Почему не старая? Почему не замужем? Почему детей нет? Ладно, но на передачу все равно не приду.
Сжалось тут сердце азербайджанское от собственного производства «оперы мыльной», разорвал он сценарий в порыве глубочайшего душевного потрясения, да и выдал мне номер телефона сестрицы моей единокровной – не толстой, не старой, не скучной и вообще – не, не, не.

Только вот про родственников наших Ийка тоже не слишком в курсе. Однако на мой извечный вопрос, есть ли у нас в роду евреи, сестра отвечает вопросом:
- Знаю, - говорит, – что прадед наш в Киеве – до революции цирюльником был. Как думаешь, он был хохол?
Пытаюсь представить. Перед глазами возникает маленькая парикмахерская на Крещатике. В Киеве весна, и яркое солнце отражается в огромном окне-витрине с надписью «Перукарня». Что происходит внутри никак не разглядеть, нужно лбом прислониться к стеклу и прикрыться ладошками от лучей, чтобы от стекла в глаза не отсвечивало. Прислоняюсь. В зале чисто, уютно. Перед зеркалом в полуобморочном состоянии сидит клиент и жалобно озирается по сторонам. Его руки привязаны к подлокотникам кресла, а ноги стянуты в щиколотках красочными веревочными подпоясками. Такое впечатление, что бриться и подстригаться по доброй воле клиент не желал. В центре зала стоит бочка с пивом, а верхом на ней, время от времени плотоядно ухмыляясь и покручивая длинный ус, сидит Тарас Бульба, саблю турецкую точит.
Нет, что-то не вяжется у меня с дедом-хохлом-парикмахером в дореволюционном Киеве. Ерунда какая-то получается.
- А еще, - говорит сестра, - фамилия наша переписана на русский язык с ошибкой. Были такие Кутайсовы некогда, что «осели» в Прибалтике. Правда, очень давно. Так вот их после революции, когда с латиницы в кириллицу переписывали, как это часто в те времена случалось, – букву «у», которая на самом деле «u», прочитали как «и». Тогда и появились Китасовы первые. А Кутайсовы, понятное дело, от татарского племени на Руси.

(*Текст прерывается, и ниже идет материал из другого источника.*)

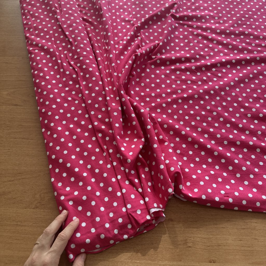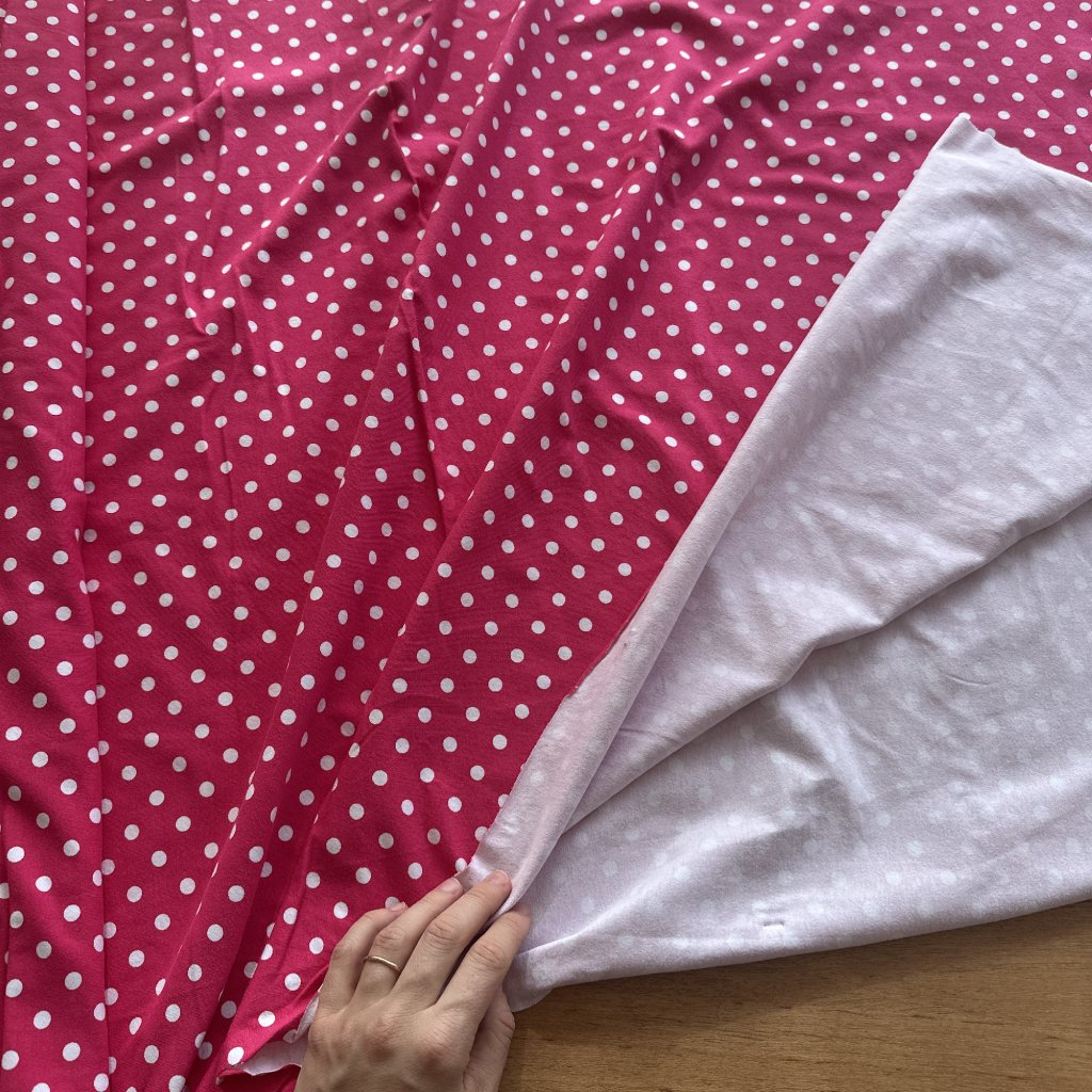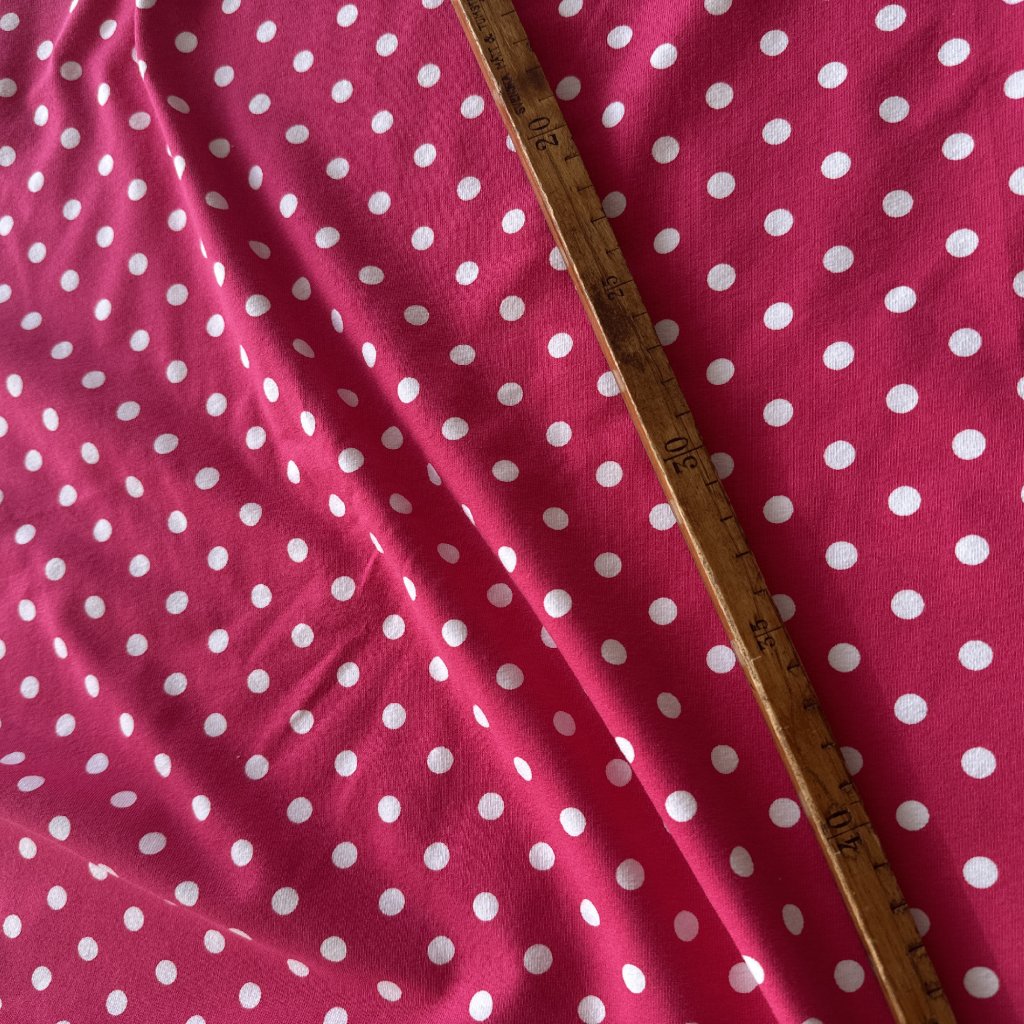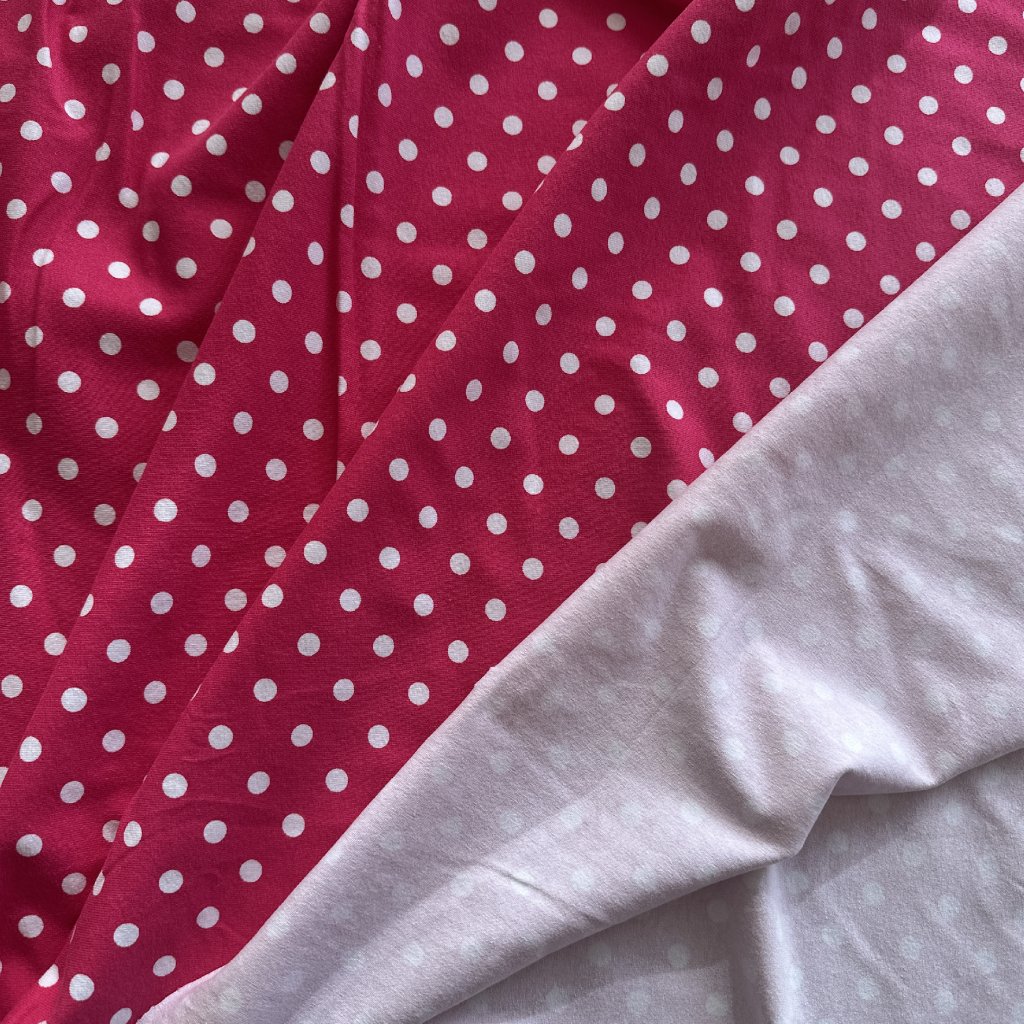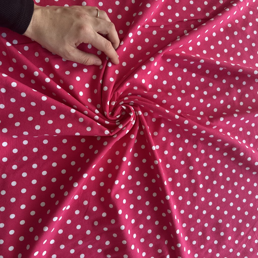 Bavlněný tričkový úplet s elastanem, růžová a bílý puntík

Вот вам и вся родословная - хохлы, татары, дед-цирюльник из дореволюционного Киева и пензенские крепостные – русские без всяких там примесей. Короче – «на собаку-водолаза и на всех овчарок сразу». Безотцовщина – моя национальность. Гордись, Русь! – вырастила что-то, вовек не разберешь. Только одно пытанье к тебе у меня – а в «пятую графу» мне чего нарисовать, если снова введут, как народ требует? И чего им неймется, горемычным, есть же в метрике запись, неужто мало?

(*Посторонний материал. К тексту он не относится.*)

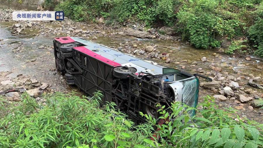 重庆一大巴车翻入河沟:初步估计车上载有20余人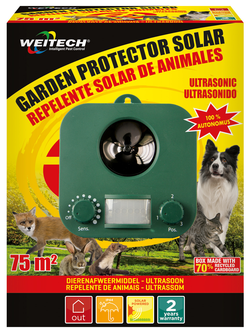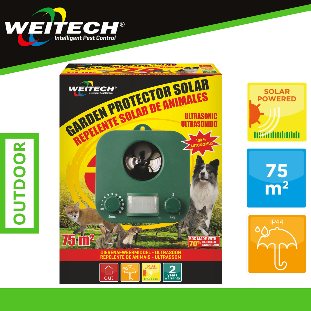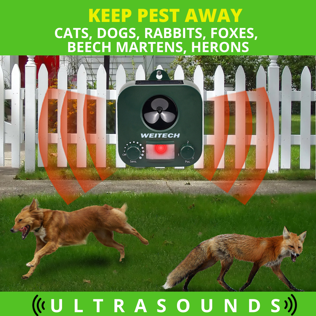 Verjaagt honden, katten, vossen, konijnen, steenmarters, reigers enz. uit tuinen en van terrassen met behulp van ultrasone trillingen.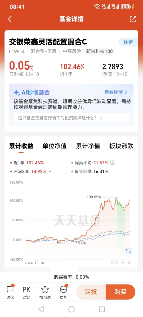 波动行情选主动管理混合基金,交银荣鑫历史业绩出众稳收益,配置超合适。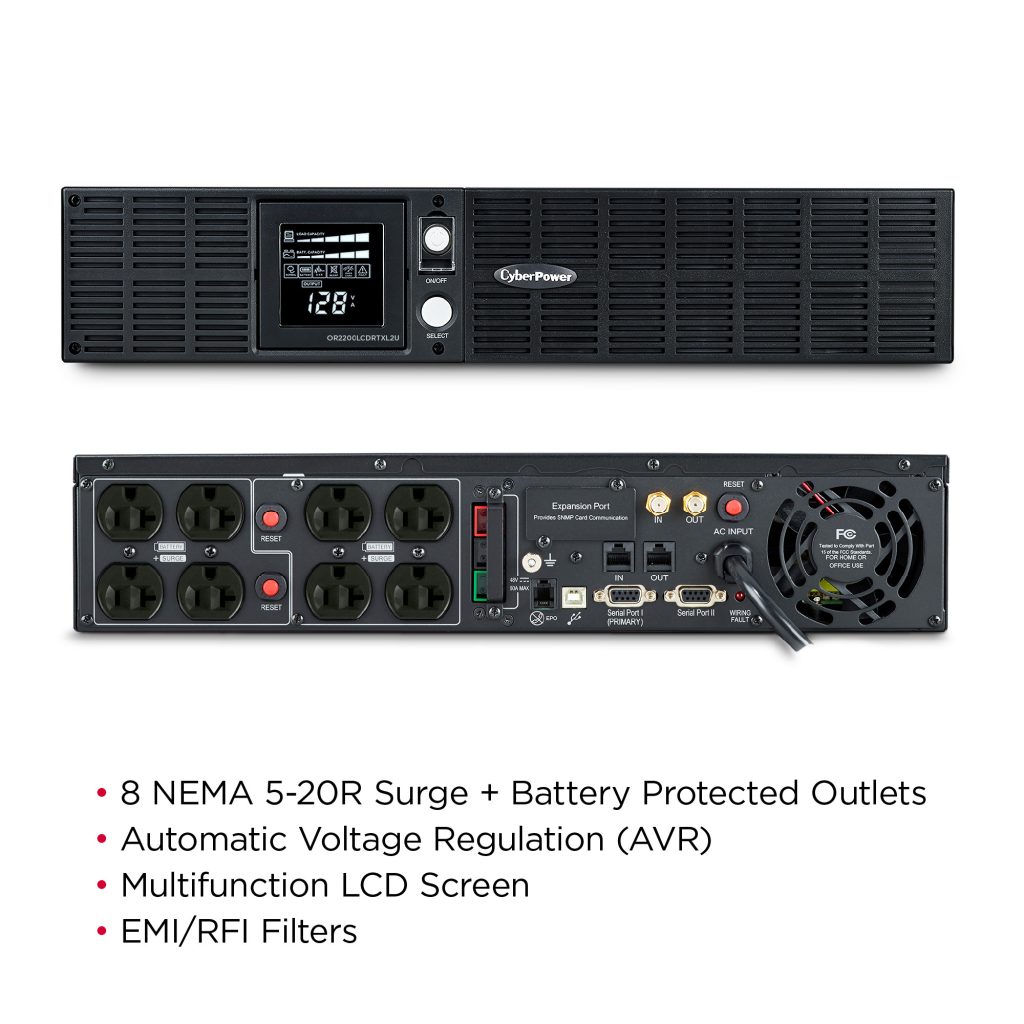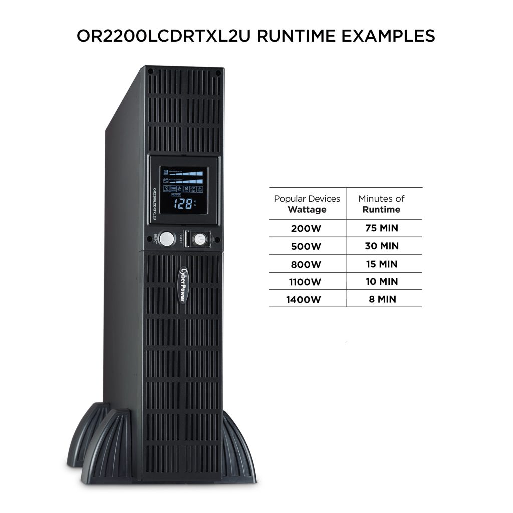 A rack/tower convertible UPS with line interactive topology, the CyberPower Smart LCD OR2200LCDRTXL2U provides battery backup (using simulated sine wave output) and surge protection for department servers, workgroup servers, workstations, network devices, and telecom installations without active PFC power supplies. The OR2200LCDRTXL2U uses Automatic Voltage Regulation (AVR) to correct minor power fluctuations without switching to battery power, which extends battery life. AVR is essential in areas where power fluctuations occur frequently. This model accepts the RMCARD205 network management card for remote management and control via a standard web browser or network management system. The OR2200LCDRTXL2U comes with a three-year warranty and a $300,000 Connected Equipment Guarantee.

Стало быть мало, раз люди волнуются.
«Своего» от «чужого», видать, отличить не умеют. А по паспорту оно вроде как сразу и понятно. Кого любить-уважать, а с кем войну затевать. Выходит, никак нам без «пятой графы» обойтись невозможно, хоть и придумали ее для евреев только, а работает она безотказно в любую сторону.

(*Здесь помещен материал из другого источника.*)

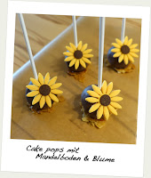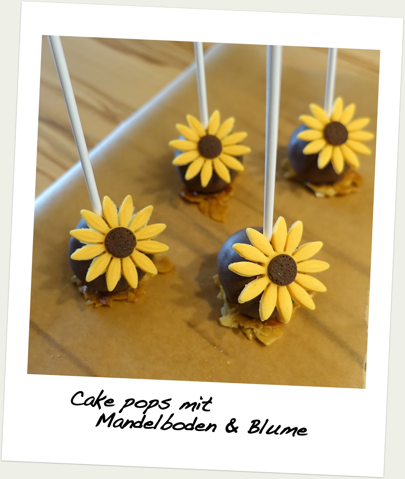 Die vorbereiteten Mandelkrusten-Stücke auf dem Backpapier auflegen, die Cake pops darauf setzen und mit einer Fondant-Blume versehen. Gut aushärten lassen.

Вот бабу возьми какую - по ней же сразу и видно, что дома должна сидеть да детей нянчить, а не мужские места в правительстве занимать. Так нет же, под пули лезут. Правду свою отстаивают. Будто без них тут не разберутся. Будто умнее никого не найдется.
Хотя все одно, лучше баба, чем голубые. Кричали-кричали о своих ущемленных правах и докричались. Теперь и не понятно, кто из нас на самом-то деле сексуальное меньшинство. Иной так маскируется, что и не отличишь поначалу от настоящего. Сидишь с ним за одним столом, водку пьешь... а он тебя, вдруг, мац! – за коленку. И снова, вроде как - случайно все получилось. Не то в морду бить, не то самому себе не верить. Вот если бы и этих в паспортах записывали, тогда понятнее было бы. А то тяжело. Особенно, если под градусом.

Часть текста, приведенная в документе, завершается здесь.